Climate Change

Ice shelves of Antarctica’s Pine Island Glacier may go earlier than expected

The melting of the glacier could result in a 0.5 metre global sea-level rise

 
By DTE Staff
Published: Tuesday 15 June 2021

The ice shelves of Pine Island Glacier are breaking apart rapidly and may collapse faster than previously projected, according to a study by Washington University and British Antarctic Survey. 

Pine Island Glacier is one of the largest ice streams in Antarctica. It contains approximately 180 trillion tonnes of ice, melting of which could result in 0.5 meters or 1.6 feet of global sea level rise.

It is Antarctica’s largest contributor to sea-level rise, causing about one-sixth of a millimeter increase to the sea-level each year or about two-thirds of an inch per century.
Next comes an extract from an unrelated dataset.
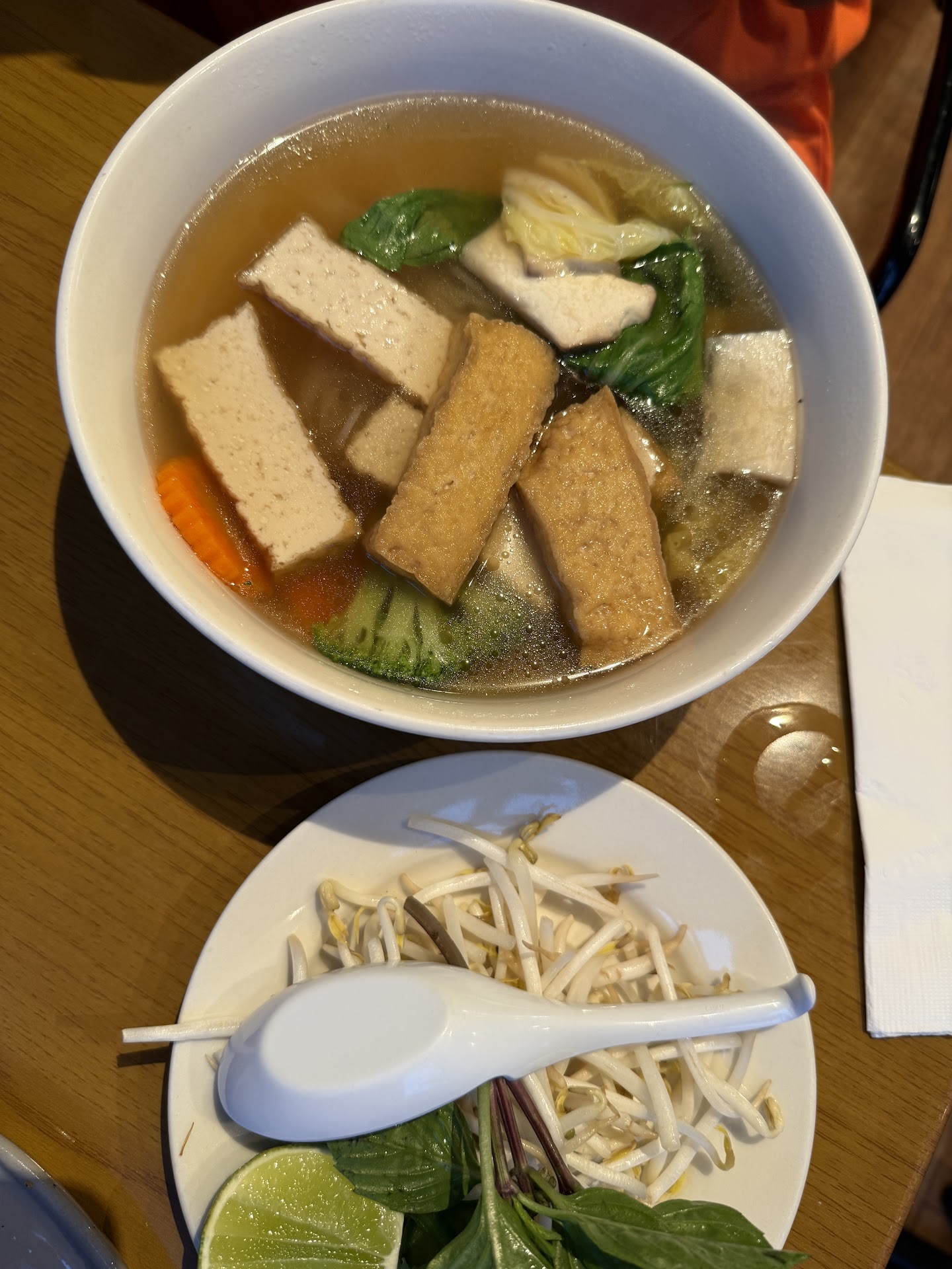 Read moreAmbiance (4/5): The interior is minimalistic and tight. However, the venue is bright, clean, and cozy. The tables sit on top of each other. Service (4/5): We walked in around 7:30 on a Saturday and luckily was seated immediately but the restaurant was at full capacity. There were 2 people on the floor running from the kitchen and manning the front so they were absolutely slammed with the rush hour of evening peak dinner time. Scan the QR code on the check to pay instead of waiting for them to check you out. Banh Mi (4/5): Overall, the banh mi was delicious. The lightly pickled carrots and daikon gave the sandwich a crunchy bite among the creaminess from the mayo. My qualm was that the bread was a bit dry and chewy at the same time. Wish the meat was more flavored and had cucumbers. Pho (5/5): Wow the broth has so much flavor, depth, and umami! The bowls were very generous on the portions of noodles and protein ($15-16). The rare steak cuts were silky and soft. The side platter came with bean sprouts and mint. Bo Hue (unrated): This was not for me as the dish usually contains some shrimp paste (I could taste it). The spice level was great and had a ton of variety of proteins. Warning: Sadly both my boyfriend and myself had stomach issues for the remainder of the night. While we did not experience pain, rank gas and a few trips to the bathroom for relief (Dined...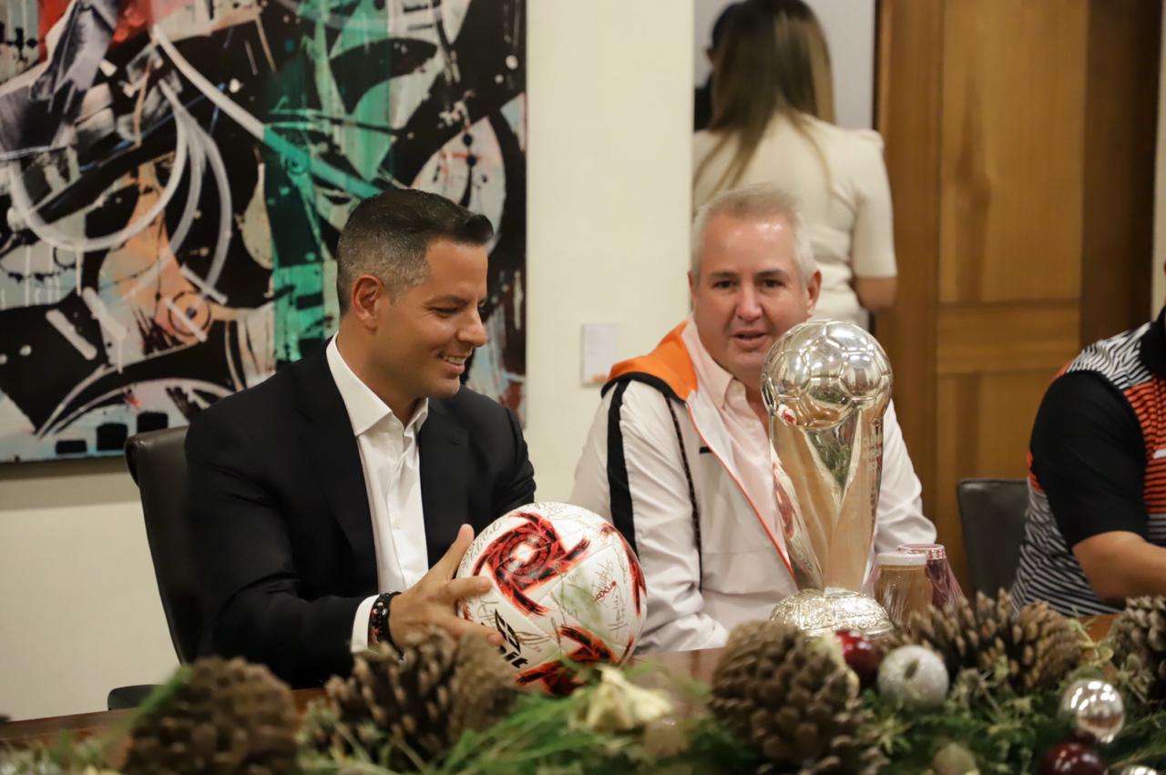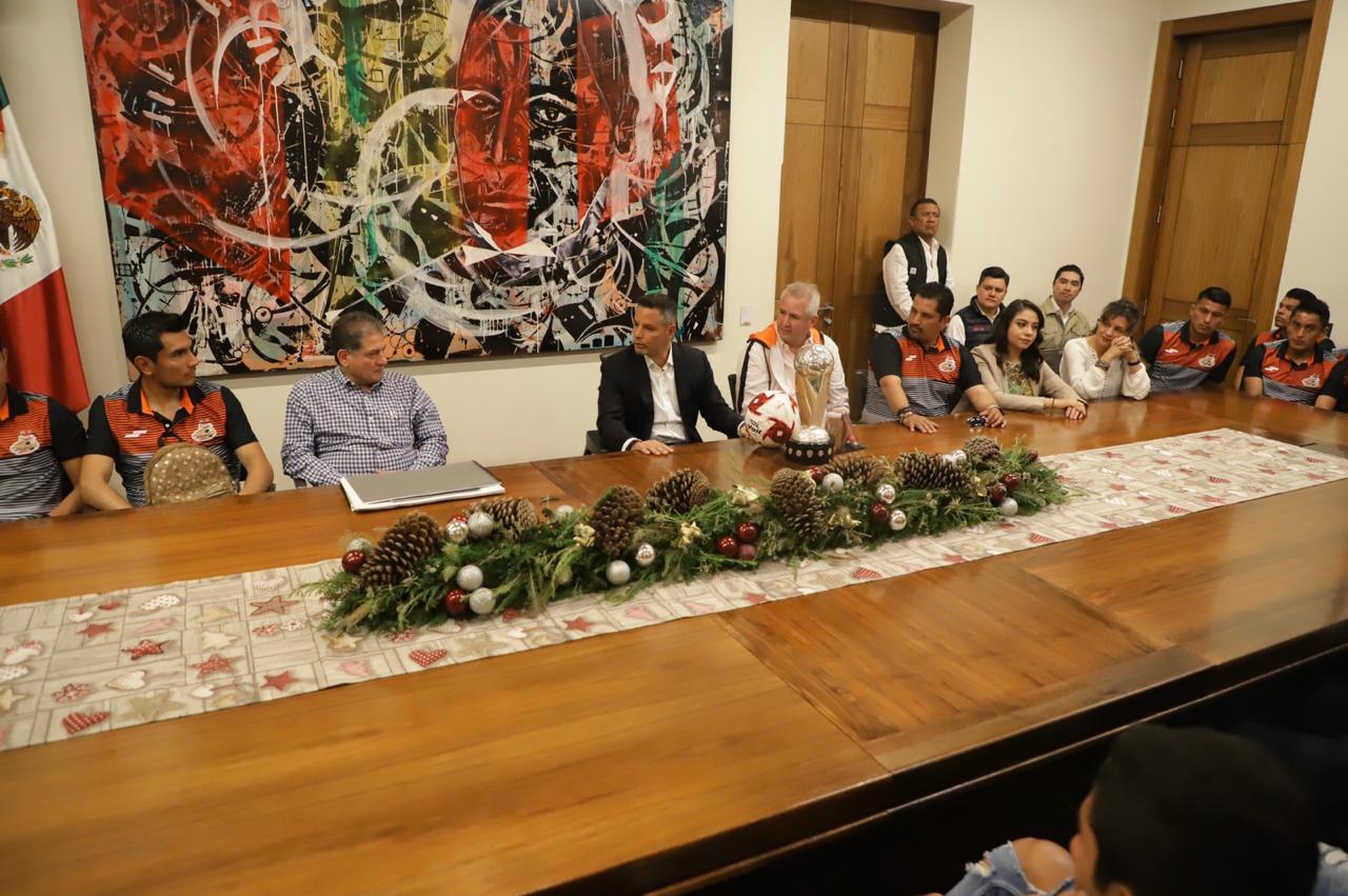 En una visita a Palacio de Gobierno, el equipo encabezado por el presidente de la institución Juan Carlos Jones y el director técnico, Alejandro Pérez, así como jugadores, compartieron con el Mandatario Estatal su felicidad por haber alcanzado el medio boleto para ascender a la liga MX.

Several studies have shown that past speedups were due to melt-driven thinning, concentrated near the grounding line.

In this study, researchers analysed satellite images from January 2015 to March 2020. For most of the first two years, the satellites took high-resolution images every 12 days. The researchers found that recent changes in the ice shelf were not caused by processes directly related to ocean melting.

From 2017 to 2020, a large iceberg on the edge of the ice shelf collapsed and glaciers accelerated, the study revealed. The ice shelf lost about one-fifth of its area in this period, as captured by the Copernicus Sentinel-1 satellites, operated by the European Space Agency on behalf of the European Union. The glacier's surface also sped up by 12 per cent in this time.

The authors used an ice flow model to confirm that the loss of the ice shelf caused the observed speedup. High-resolution videos of glaciers stitched together from satellite data showed the sides of the ice shelf were gridded with respect to the coastline. But a large crack in the centre of the ice shelf caused a sudden snap.

Ian Joughin, glaciologist at the UW Applied Physics Laboratory and lead author of the paper, said:

The recent changes in speed are not due to melt-driven thinning; instead they're due to the loss of the outer part of the ice shelf. The glacier's speedup is not catastrophic at this point. But if the rest of that ice shelf breaks up and goes away then this glacier could speed up quite a lot.

Pine Island Glacier has a large ice shelf, which supports the glacier. Recent speedups due to edge weakening may shorten the timeline for the Pine Island Glacier to finally collapse into the ocean.

The study was published in the open access journal Science Advances on June 11.